╭─ GIVEN RECORDS

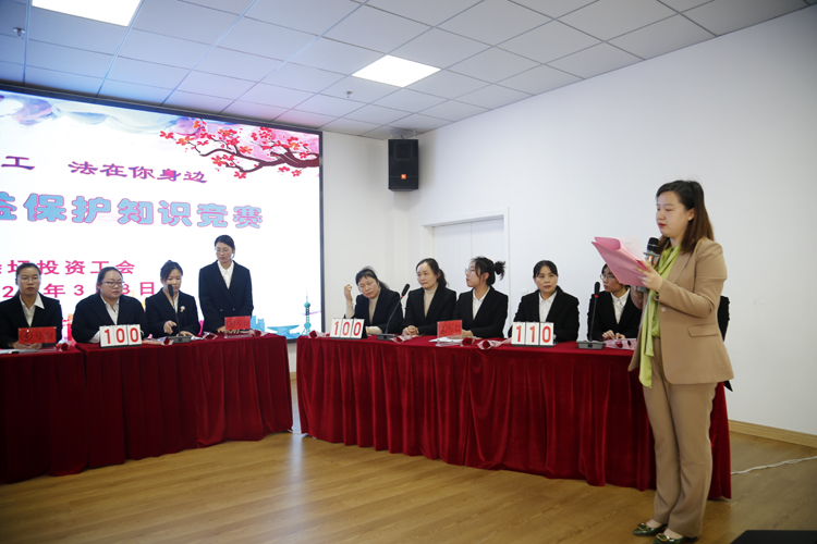3月8日,投資公司工會(huì)在環(huán)衛(wèi)運(yùn)營管理中以“情系女職工 法在你身邊”為主題,舉辦 “女職工權(quán)益保護(hù)”知識競賽。投資公司黨委書記、董事長、總經(jīng)理莊清付,黨委副書記、工會(huì)主席劉剛,副總經(jīng)理?xiàng)钍孛鳎鲉挝稽h政工、工會(huì)女工委成員、悅升機(jī)關(guān)全體員工觀摩比賽。
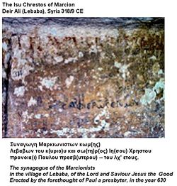 - ^ فيليپ لو با و وليام هنري وادنگتن، Greek Inscriptions grecques et latines recueillies en Grèce et en Asie Mineure (1870), volume 3, inscription 2558. Minor reference in گرهارد كتل، Theological Dictionary of the New Testament، تحت Synagogue. أيضاً مشار إليه عرَضاً في مقالة الموسوعة الكاثوليكية حول Marcionites, مستخدما لو با و وادنگتن كمراجع
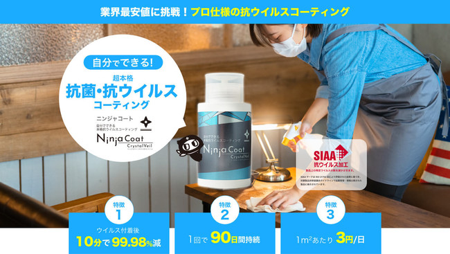 ニンジャコートは、大学や大企業の持つ最先端の抗ウイルス技術をコアに、実用性を重視し、用途に応じて一般消費者が使いやすいよう加工した抗ウイルスコーティング技術です。
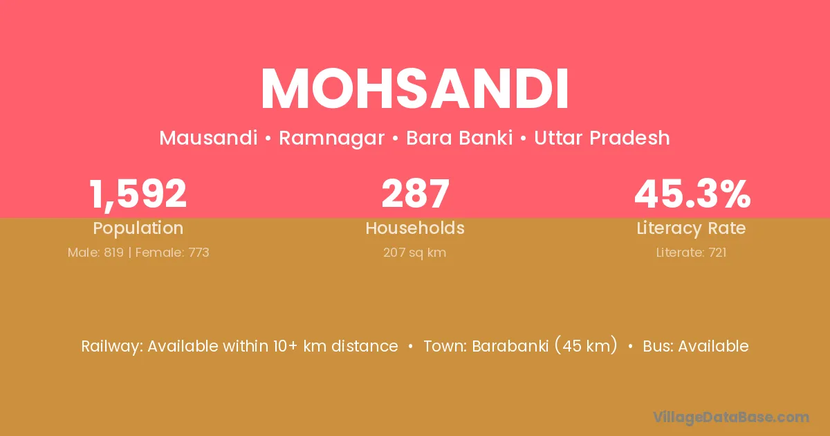 Barabanki (45 km) is the nearest town to Mohsandi village for major economic activities and is located approximately 45 km away.
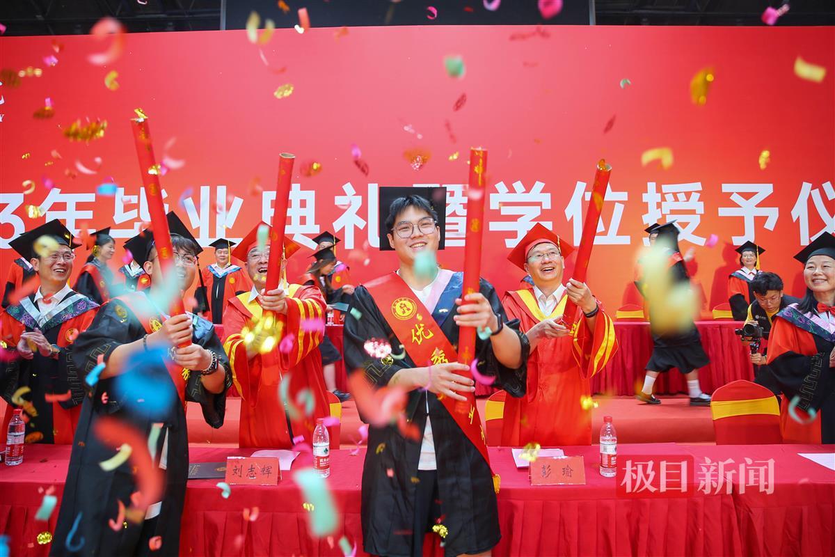 bwin必赢中国官网党委书记刘志辉为学生拨穗正冠,bwin必赢中国官网党委委员、副校长孙步月同志宣读《bwin必赢中国官网关于表彰2023届优秀毕业生的决定》,bwin必赢中国官网党委委员、副校长刘佳霓同志宣读《bwin必赢中国官网关于授予2023届本科毕业生学士学位的决定》,经过学生申请、学院初审、学位评定分委员会审核、校学位评定委员会复核,3024名学生获得学士学位证书。
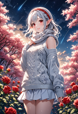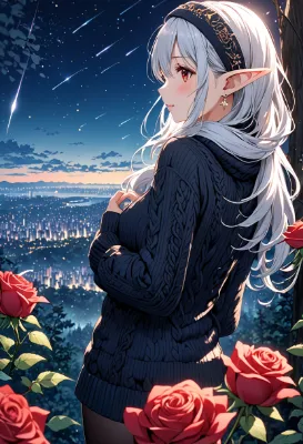 8K,((masterpiece,best quality,Ultra extremely detailed,perfect anatomy,detailed,high-resolution,highres,extremely detailed,perfect 5+fingers:1.5,sharp focus:1.5,),(high-contrast:1.6,strong back-light,close-up face,from-back,rose Flowers print,girl elf wearing glossy jewelry decoration sweater with sparkle reflected light,knit woolen mitten,knit head band,knit short-skirt,cute tights,long knit,scarf)),looking at viewer:1.5, (extra detailed red Eyes with reflection), waving shining long white hair_with curly,elf ear with big earrings,smile,blush,lipstick,full fresh lips,wet-lip,big hip,small breasts,soft wind,throw-out-her-chest:1.5,armpit,BREAK,forest,shooting stars, round many stars, birds,city in the distance,dark cloud, big white roses , <lora:hairdetailer:1> <lora:make25d_type1_v100:1>,,,,,
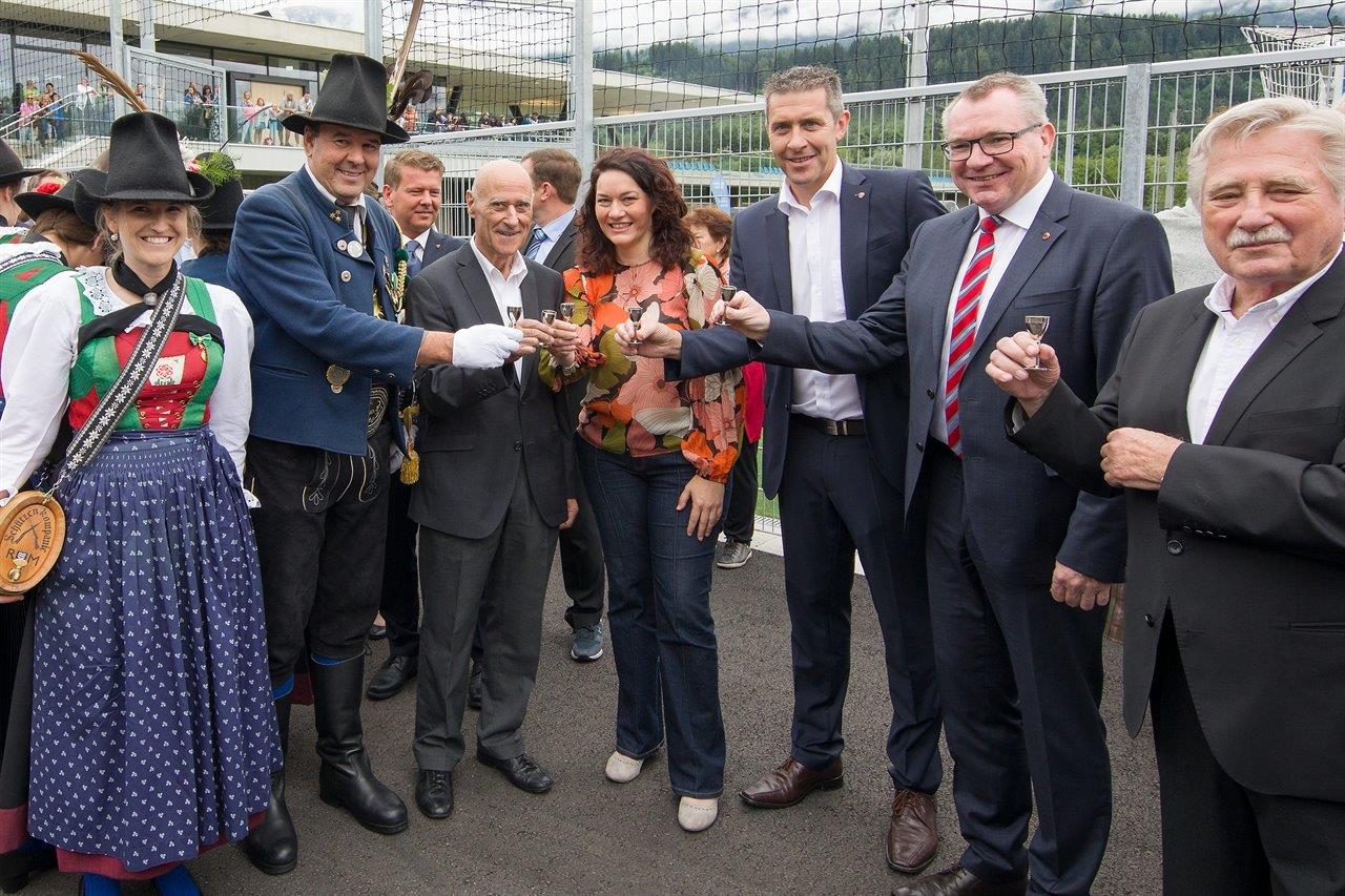 Schützenhauptmann Martin LECHNER - BGM Edgar Kopp - LH-StV Ingrid FELIPE - Vize-BGM Franz SAURWEIN - LR TRATTER - Moderator Peter WYK beim Schnapsl | |
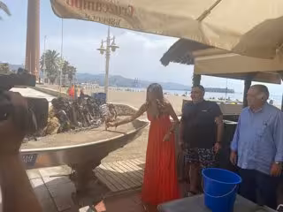 La candidata ha elegido para el fin de la campaña un chiringuito de la capital y un espeto así como con un encuentro con miembros de la directiva de la Asociación de Empresarios de Playas como homenaje al sector turístico, como "principal motor económico" de la provincia. También, como agradecimiento "al esfuerzo que han hecho estos empresarios durante la pandemia y ahora con la subida de precios".
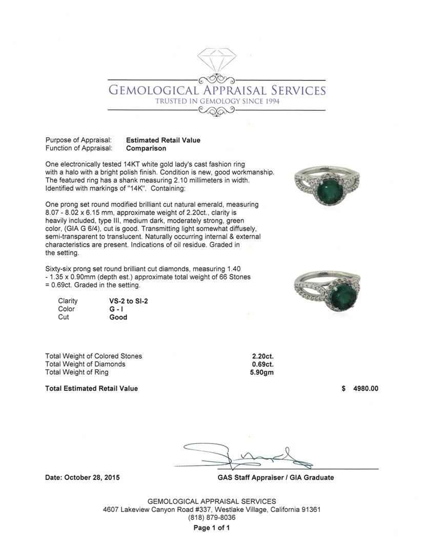 One electronically tested 14KT white gold lady's cast fashion ring with a halo with a bright polish finish. The featured ring has a shank measuring 2.10 millimeters in width. Identified with markings of "14K". Condition is new, good workmanship. Containing: One prong set round modified brilliant cut natural emerald, measuring 8.07 - 8.02 x 6.15 mm, approximate weight of 2.20ct., clarity is heavily included, type III, medium dark, moderately strong, green color, (GIA G 6/4), cut is good. Transmitting light somewhat diffusely, semi-transparent to translucent. Naturally occurring internal & external characteristics are present. Indications of oil residue. Graded in the setting. Sixty-Six prong set round brilliant cut diamonds, measuring 1.40 - 1.35 x 0.90mm (depth est.) approximate total weight of 66 Stones = 0.69ct. Graded in the setting. Clarity: VS-2 to SI-2. Color: G - I. Cut Good. Total Weight of Colored Stones 2.20ct. Total Weight of Diamonds 0.69ct. Total Weight of Ring 5.90gm. GAS Appraised at $4,980.00.
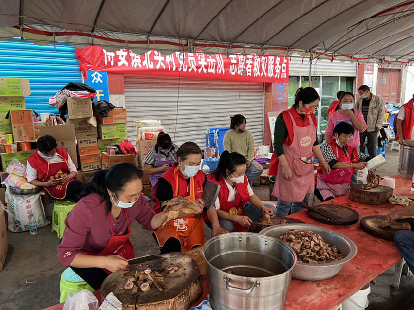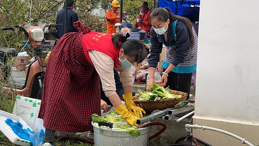 在得妥鎮(zhèn)北頭村的路旁,來自瀘定縣冷磧鎮(zhèn)桐子林村的李星芳和其他志愿者一起忙著切菜煮飯。她告訴記者,地震發(fā)生后,我主動報(bào)名加入志愿者團(tuán)隊(duì)?!拔覀冞@個(gè)點(diǎn)上除了政府發(fā)放的物資,還有很多附近村民和好心人送來的菜肉和水果,大家都在用自己的行動出一份力?!闭诿χ胁说闹驹刚吆樾l(wèi)群說。就在記者采訪時(shí),在北頭村開飯館的易姝宏一家送來了鹵菜、排骨和新鮮蔬菜,記賬員茍有成忙著清點(diǎn)數(shù)量并記錄在冊?!暗卣鸷?,爸媽把年邁的奶奶送到瀘定縣城孃孃家,我也向單位請了假,今天我們一起趕回來在這里幫忙”。
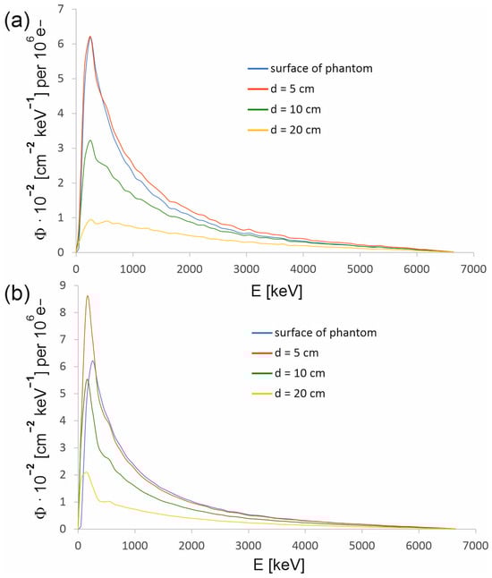 One of the basic parameters characterizing a radiation beam is its energy spectrum. The energy dependencies of the therapeutic beam were determined using the developed model. Figure 4 presents the energy spectra on the surface of the water phantom and at various depths in the beam axis. Figure 6 shows the energy spectra determined at various distances from the beam axis at selected depths in the water phantom. The spectra were expressed as spectral photon fluence (Φ), i.e., the number of photons per energy interval of 1 keV, passing through an area of 1 cm2 as a function of the photon energy. Spectral photon fluence was normalized to one million electrons hitting the conversion target (so-called primary electrons). The photon spectral fluence normalized to the number of primary electrons determined in simulations enables the depth doses to be linked to the current of electrons hitting the target of the CyberKnife M6 device. In the case of spectral photon fluence, the standard deviation did not exceed 1% except for individual cases.

╰─

TASK GOAL - When pictures appear among the entries, skip them and copy all remaining text precisely.

COMPLETED EXERCISE -
3月8日,投資公司工會(huì)在環(huán)衛(wèi)運(yùn)營管理中以“情系女職工 法在你身邊”為主題,舉辦 “女職工權(quán)益保護(hù)”知識競賽。投資公司黨委書記、董事長、總經(jīng)理莊清付,黨委副書記、工會(huì)主席劉剛,副總經(jīng)理?xiàng)钍孛鳎鲉挝稽h政工、工會(huì)女工委成員、悅升機(jī)關(guān)全體員工觀摩比賽。
 - ^ فيليپ لو با و وليام هنري وادنگتن، Greek Inscriptions grecques et latines recueillies en Grèce et en Asie Mineure (1870), volume 3, inscription 2558. Minor reference in گرهارد كتل، Theological Dictionary of the New Testament، تحت Synagogue. أيضاً مشار إليه عرَضاً في مقالة الموسوعة الكاثوليكية حول Marcionites, مستخدما لو با و وادنگتن كمراجع
 ニンジャコートは、大学や大企業の持つ最先端の抗ウイルス技術をコアに、実用性を重視し、用途に応じて一般消費者が使いやすいよう加工した抗ウイルスコーティング技術です。
 Barabanki (45 km) is the nearest town to Mohsandi village for major economic activities and is located approximately 45 km away.
 bwin必赢中国官网党委书记刘志辉为学生拨穗正冠,bwin必赢中国官网党委委员、副校长孙步月同志宣读《bwin必赢中国官网关于表彰2023届优秀毕业生的决定》,bwin必赢中国官网党委委员、副校长刘佳霓同志宣读《bwin必赢中国官网关于授予2023届本科毕业生学士学位的决定》,经过学生申请、学院初审、学位评定分委员会审核、校学位评定委员会复核,3024名学生获得学士学位证书。
 8K,((masterpiece,best quality,Ultra extremely detailed,perfect anatomy,detailed,high-resolution,highres,extremely detailed,perfect 5+fingers:1.5,sharp focus:1.5,),(high-contrast:1.6,strong back-light,close-up face,from-back,rose Flowers print,girl elf wearing glossy jewelry decoration sweater with sparkle reflected light,knit woolen mitten,knit head band,knit short-skirt,cute tights,long knit,scarf)),looking at viewer:1.5, (extra detailed red Eyes with reflection), waving shining long white hair_with curly,elf ear with big earrings,smile,blush,lipstick,full fresh lips,wet-lip,big hip,small breasts,soft wind,throw-out-her-chest:1.5,armpit,BREAK,forest,shooting stars, round many stars, birds,city in the distance,dark cloud, big white roses , <lora:hairdetailer:1> <lora:make25d_type1_v100:1>,,,,,
 Schützenhauptmann Martin LECHNER - BGM Edgar Kopp - LH-StV Ingrid FELIPE - Vize-BGM Franz SAURWEIN - LR TRATTER - Moderator Peter WYK beim Schnapsl | |
 La candidata ha elegido para el fin de la campaña un chiringuito de la capital y un espeto así como con un encuentro con miembros de la directiva de la Asociación de Empresarios de Playas como homenaje al sector turístico, como "principal motor económico" de la provincia. También, como agradecimiento "al esfuerzo que han hecho estos empresarios durante la pandemia y ahora con la subida de precios".
 One electronically tested 14KT white gold lady's cast fashion ring with a halo with a bright polish finish. The featured ring has a shank measuring 2.10 millimeters in width. Identified with markings of "14K". Condition is new, good workmanship. Containing: One prong set round modified brilliant cut natural emerald, measuring 8.07 - 8.02 x 6.15 mm, approximate weight of 2.20ct., clarity is heavily included, type III, medium dark, moderately strong, green color, (GIA G 6/4), cut is good. Transmitting light somewhat diffusely, semi-transparent to translucent. Naturally occurring internal & external characteristics are present. Indications of oil residue. Graded in the setting. Sixty-Six prong set round brilliant cut diamonds, measuring 1.40 - 1.35 x 0.90mm (depth est.) approximate total weight of 66 Stones = 0.69ct. Graded in the setting. Clarity: VS-2 to SI-2. Color: G - I. Cut Good. Total Weight of Colored Stones 2.20ct. Total Weight of Diamonds 0.69ct. Total Weight of Ring 5.90gm. GAS Appraised at $4,980.00.
 在得妥鎮(zhèn)北頭村的路旁,來自瀘定縣冷磧鎮(zhèn)桐子林村的李星芳和其他志愿者一起忙著切菜煮飯。她告訴記者,地震發(fā)生后,我主動報(bào)名加入志愿者團(tuán)隊(duì)?!拔覀冞@個(gè)點(diǎn)上除了政府發(fā)放的物資,還有很多附近村民和好心人送來的菜肉和水果,大家都在用自己的行動出一份力?!闭诿χ胁说闹驹刚吆樾l(wèi)群說。就在記者采訪時(shí),在北頭村開飯館的易姝宏一家送來了鹵菜、排骨和新鮮蔬菜,記賬員茍有成忙著清點(diǎn)數(shù)量并記錄在冊?!暗卣鸷?,爸媽把年邁的奶奶送到瀘定縣城孃孃家,我也向單位請了假,今天我們一起趕回來在這里幫忙”。
 One of the basic parameters characterizing a radiation beam is its energy spectrum. The energy dependencies of the therapeutic beam were determined using the developed model. Figure 4 presents the energy spectra on the surface of the water phantom and at various depths in the beam axis. Figure 6 shows the energy spectra determined at various distances from the beam axis at selected depths in the water phantom. The spectra were expressed as spectral photon fluence (Φ), i.e., the number of photons per energy interval of 1 keV, passing through an area of 1 cm2 as a function of the photon energy. Spectral photon fluence was normalized to one million electrons hitting the conversion target (so-called primary electrons). The photon spectral fluence normalized to the number of primary electrons determined in simulations enables the depth doses to be linked to the current of electrons hitting the target of the CyberKnife M6 device. In the case of spectral photon fluence, the standard deviation did not exceed 1% except for individual cases.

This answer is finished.